Three rules are drilled into Canadians going south for a winter vacation.

Rule One: Don't get sick.

Rule Two: If you insist on breaking the first rule and decide that you must get sick, make sure it is between 8.30 AM and 5.30 PM, Monday to Friday, so you can go to a walk-in medical centre (center) and NOT to a hospital emergency department, which are all exorbitantly expensive.

Rule Three: Call your Canadian insurer BEFORE seeking treatment.

On our recent trip to Florida, I broke the first two rules.

Here's what happened.

On a Wednesday toward the end of our holiday I was feeling lousy---a temperature and a lot of coughing.

I called the Canadian insurance company hotline to find out what I should do if I had to see a doctor. The woman explained that if things got worse, I should call the company and it would find a walk-in clinic or hospital and make arrangements for me to be seen.

She offered to start a claim file 'just in case' but I said that it might be just a cold and that I would increase my asthma medication to try to reduce the coughing.

Early Saturday morning---about 3 AM--- I was much worse, couldn't stop coughing and was having trouble breathing. I called the insurance company and after listening to my symptoms the agent said she had a list of clinics and hospitals in the Bonita Springs area. She would contact them and call me back.

Half an hour later she called back to say that she couldn't find a clinic that was open but had found a hospital that would treat me in its emergency department. The hospital had agreed to bill the company directly so I wouldn't have to pay anything 'out of pocket'. She had faxed the billing details to the hospital.

Pat and I got to the hospital---owned by a private, for-profit company---around 6 AM. The ER receptionist told us that they had indeed received a fax but it was not satisfactory. I would have to pay for the treatment and then claim it from the insurance company.

She showed me the fax.

It said that the hospital was authorized to bill the insurance company directly and provided details on how to submit a bill.

It looked OK to me.

 I asked what was wrong with the fax. She said that it didn't have a statement saying that the insurance company would guarantee to pay 100% of all charges levied by the hospital.

"We've had trouble in the past with insurance companies from up there'", she said. "So if you want treatment, you'll have to pay yourself and claim it."

I tried to call the insurance company but after spending half an hour listening to classical music and repeated messages that 'your call is important and an agent will be with you shortly', I gave up.

I agreed to pay.

I was escorted into a palatial examining room, lined with marble and glass, with a single bed. In Canada, an examining room that size would have had at least three beds, with curtains separating them.
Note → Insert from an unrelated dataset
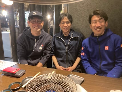 阪急春日野道駅改札口前のお肉屋さん「MEATS」(ミーツ)さんが経営する焼肉屋「BAKU2」(ばくばく)でテニス談議。 今後のイベントについてや諸々を語り合いました。 MEATSの田中専務を真ん中に挟んで記念撮影。 右は中山コーチ、左はTASU-clubで伸び盛りのnozomi君。 エンジョイROKKOの賞品となるお肉は田中専務の厳選です。...

The staff, who were competent, didn't seem rushed and appeared to spend a good bit of time recording billable items and having me sign witnessed statements designed I suppose to cover their derrieres in the event of a malpractice suit. I signed individual statements agreeing to be examined, saying that I understood the diagnosis, and that I agreed to follow the drug and medical treatment being recommended.

In addition to an examination by a nurse and a doctor, I had an x-ray, some blood tests and a treatment to ease my breathing.

The diagnosis was upper respiratory infection and acute bronchitis, and I was given prescriptions for three drugs---an antibiotic and two asthma medications that were different from the ones I had been using---and an appointment to see a pulmonologist in three days.

Two hours after I had arrived I was released and directed to a booth to wait for the bill to be totalled.  

Twenty minutes later, the ER receptionist slid a bill across the counter---for $2372!

After she had waited for me to catch my breath, she said that there might be additional charges. She explained that this was just an interim bill but when I came back in a few days for the final bill---the one that I would need to submit to my insurance company--- I would be told what the extra charges would be.

I handed over a credit card.

On the way back to our condo, I filled the antibiotic prescription, and swallowed the first pills. I decided not to fill the asthma prescriptions until I had talked to my Canadian doctor.

By Monday, I was feeling a great deal better---just as the doctor had predicted. He had said that the antibiotic he was prescribing worked very quickly. I decided not to fill the asthma prescriptions or see the pulmonologist.

Later on Monday, I called the hospital business office to ask whether the final bill was ready. A snippy clerk told me that it wasn't ready because the business office didn't work on weekends.

I called again on Wednesday and was told that the bill was now ready and I could come in and pick it up.

"Oh, by the way, there will be additional charges."

"How much?"

"They total $345."

"What are they for?, I asked.

There was a pause, and I could hear the computer keys being tapped.

"Oh, you won't have to pay the additional charges, after all. The hospital will absorb them."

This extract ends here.